Shamus asked the community where they would like the project to be hosted. The answer was a no-brainer – everyone in the comments agreed that Gitghub was beyond a shadow of doubt the best place to put it. And so, Shamus downloaded git and attempted to get the project under source control and out on the web. And then this happened:
Created an account. Created a repository. Installed Git locally. Followed the directions to set up git locally, which includes typing stuff into a Linux shell, which is trivial if you know what you’re doing and utterly, utterly mysterious if you don’t. Created ssh key. Set up a local repository. Added files meticulously one at a time from a list of hundreds of files because the Git GUI just lists all files and I don’t see how to filter for JUST source files. I hit commit and… nothing showed up.
His mounting frustration very apparent, and I know exactly what he is experiencing. This was more or less my first encounter with git too. It is not straightforward. Github is not helping either, because it does not tell you that you can bypass the ssh key requirements by simply using https:// instead of git:// when setting up the remote repository. If you plan to be using git and github a lot, then generating and uploading the ssh key is definitely a good idea. But for a one-off project like this, it is a lot of unnecessary hassle and a significant hurdle for new users to overcome.
There is another significant issue at play here – Shamus, like many users new to distributed source control sees familiar words like “commit” and assumes they work the same as in centralized repositories.
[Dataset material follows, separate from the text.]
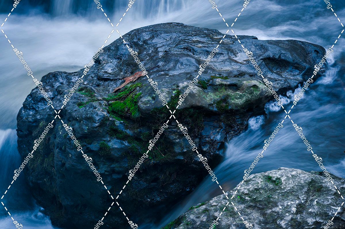Massive Moss Covered Rock Under Waterfalls

Naturally they do not, but it is sometimes difficult to ascertain that by glancing at the official docs. Because, you know that’s exactly what we all do when trying to get a new tool working. We glance at the docs, we we use them at all.
I remember my own confusion – when I was starting with Git, I wanted a quick and easy, one sentence explanation of what the fuck is the distributed thing all about, and how will it make my life difficult.
This was supposed to be a quick & easy thing, and I’m now 40 mins in, I’ve got Git infrastructure spewed all over my computer and I can’t get it to do this very simple thing. I’ve used source code control before, and it was always pretty straightforward. Even thirteen years ago, I never had to type crap into a console window to perform simple tasks. Is Git only for people who understand Linux? (The front end is all friendly and Windows-like, which is what led me to believe I’d be able to do this. If it started with a console window I would have realized this was for someone with a different skill set and looked elsewhere.)
I can relate to this too. When I first installed Git on Windows I tried to use the default GUI. I say tried, because I have never actually managed to get anywhere with it. The UI is so obtuse, confusing and convoluted I could not wrap my head around it. Forget user-friendly – Git GUI is downright user-hostile.
Fortunately, I discovered Tortoise Git which works more or less the same as the SVN equivalent. So I was able to hobble along and sort-of use git (but not really) until I realized that it is much easier to use the command line version. Shamus was not so lucky – the UI defeated him. This was a complete usability failure.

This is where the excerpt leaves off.